> **WHAT THIS TASK INVOLVES**: Go to the line holding "Colgante de plata" in the entries below and write out exactly every line down to and including the line holding "ALL ELL ILL".

> **TASK INPUT**:
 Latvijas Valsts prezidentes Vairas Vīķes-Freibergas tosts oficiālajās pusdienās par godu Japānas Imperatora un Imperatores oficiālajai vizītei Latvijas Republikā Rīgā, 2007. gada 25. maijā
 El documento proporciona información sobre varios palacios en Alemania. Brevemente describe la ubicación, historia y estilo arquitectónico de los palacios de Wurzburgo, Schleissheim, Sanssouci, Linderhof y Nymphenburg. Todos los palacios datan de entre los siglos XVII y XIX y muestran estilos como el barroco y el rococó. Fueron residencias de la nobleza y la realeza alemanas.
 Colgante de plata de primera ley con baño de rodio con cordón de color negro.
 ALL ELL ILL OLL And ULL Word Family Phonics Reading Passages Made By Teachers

==

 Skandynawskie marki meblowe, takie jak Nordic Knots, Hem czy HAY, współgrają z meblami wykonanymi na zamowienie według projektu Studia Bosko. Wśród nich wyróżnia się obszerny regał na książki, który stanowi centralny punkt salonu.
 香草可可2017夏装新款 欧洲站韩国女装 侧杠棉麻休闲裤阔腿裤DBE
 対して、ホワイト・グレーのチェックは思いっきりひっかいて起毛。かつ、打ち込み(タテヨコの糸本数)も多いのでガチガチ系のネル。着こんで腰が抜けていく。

> **SOLUTION**:
 Colgante de plata de primera ley con baño de rodio con cordón de color negro.
 ALL ELL ILL OLL And ULL Word Family Phonics Reading Passages Made By Teachers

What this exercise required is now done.